Reader Mark, a regular source of interesting articles, forwarded a piece about Vitamin D. I found it interesting, and my original plan for a one line mention of the article evolved to the point that it justified becoming an entirely separate article discussing whether Vitamin D can possibly improve your chances with the coronavirus. If you’ve not already seen the article, please do add it to your reading pile.
Talking about reading piles, have you ever clicked the link at the bottom of every one of these newsletters, leading to my page of linked resources about the virus? There’s a lot of other good stuff on that page too, and if you’ve suggestions for more resources to add, please let me know.
The US passed through 3 million cases on Monday morning, is now almost a quarter of the way from there to four million (3.20 million), with the daily pace of new cases continuing to rise. For the first time ever, we had over 60,000 cases reported in a single day on Wednesday, and then again on Thursday too.

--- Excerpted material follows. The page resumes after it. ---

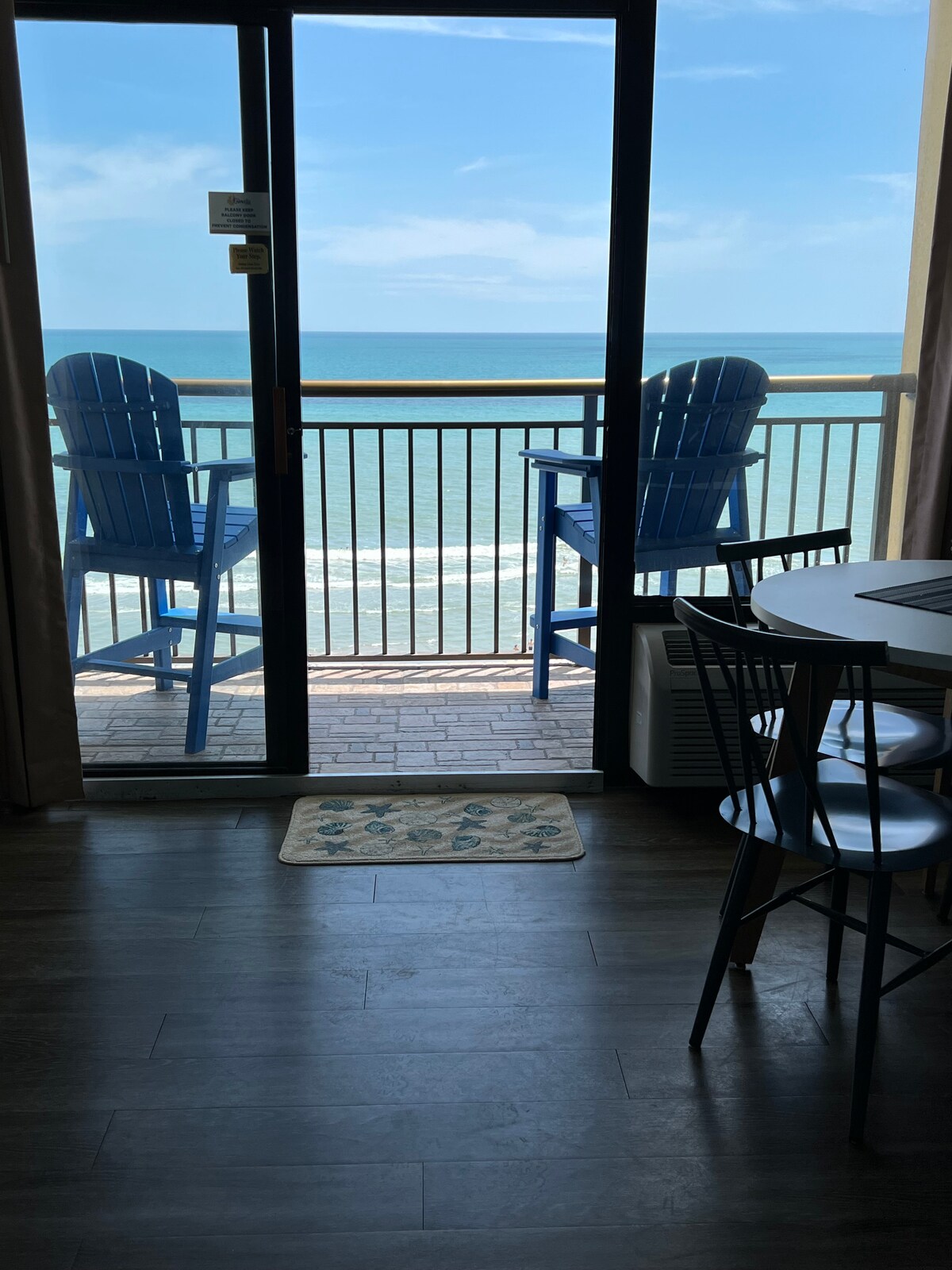 UNIDAD "PARLOR" MUY SOLICITADA, NO HAY NINGUNA OTRA COMO ESTA EN MYRTLE BEACH, OFRECE 260 GRADOS DE VISTAS AL MAR CON UN BALCÓN ENVOLVENTE DE UN TOTAL DE 300 PIES CUADRADOS DE BALCONES, 2 BALCONES DE 30 PIES DE LARGO CON 3 DESLIZANTES, VISTA AL MAR Y A LA PUESTA DE SOL, LA UNIDAD ES ABIERTA Y MÁS GRANDE QUE LA MAYORÍA DE LAS DE 1 DORMITORIO, 2 CAMAS TIPO QUEEN, SOFÁ CAMA, LA UNIDAD ENVUELVE TODO EL LADO SUR DEL EDIFICIO, COCINA COMPLETA, BAÑO, 600 PIES CUADRADOS DE ESPACIO HABITABLE CON 300 PIES CUADRADOS DE BALCÓN, NO HAY NADA MÁS COMO ESTA

Death rates are now starting to climb again, too, and Thursday saw us break through the 1,000 deaths in a single day level for the first time in a month.
With these sorts of numbers, there can be no denying the accuracy of this quote
The US response has been extraordinarily disappointing and wrongheaded. Whenever there’s been an opportunity to do the right thing, we seem to have done the wrong thing. The US has to recognize that it is competing for first or second position of the worst affected country in the world.
The quote is taken from this article, which starts off with the unpopular claim that we’ll be living with masks for years”.
Meanwhile, the cop-out of our elected officials and their refusal to assert leadership and to impose consequences on virus scofflaws continues. This article points out that state governors are now stressing the need for “personal responsibility”.
Have the governors not got the message? There is way too little personal responsibility. Calls for us to act sensibly have massively failed – as this chart clearly shows.
We’re way past asking people to be responsible. The “carrot” approach has failed. Time for the “stick”.
Apropos of which, I went shopping at the local Safeway earlier today. As of Tuesday, by law in Washington, all people must be masked in stores, and when entering the Safeway store, there were large posters pointing that out and telling shoppers that by law they’d be refused service if they had no mask. That’s the good news.
The bad news? As I entered, I noticed a shopper conversing happily with a checkout operator while buying his groceries. He was not masked.
Apparently Safeway fails to understand its own posters. What part of “we will not sell you food if you do not wear a mask” is so hard for them to understand?
Current Numbers
The US moved up one in the major countries list. Although there have been varying other countries previously in the number one and two slots, this is the first time the US has moved up from third (or lower) to second place.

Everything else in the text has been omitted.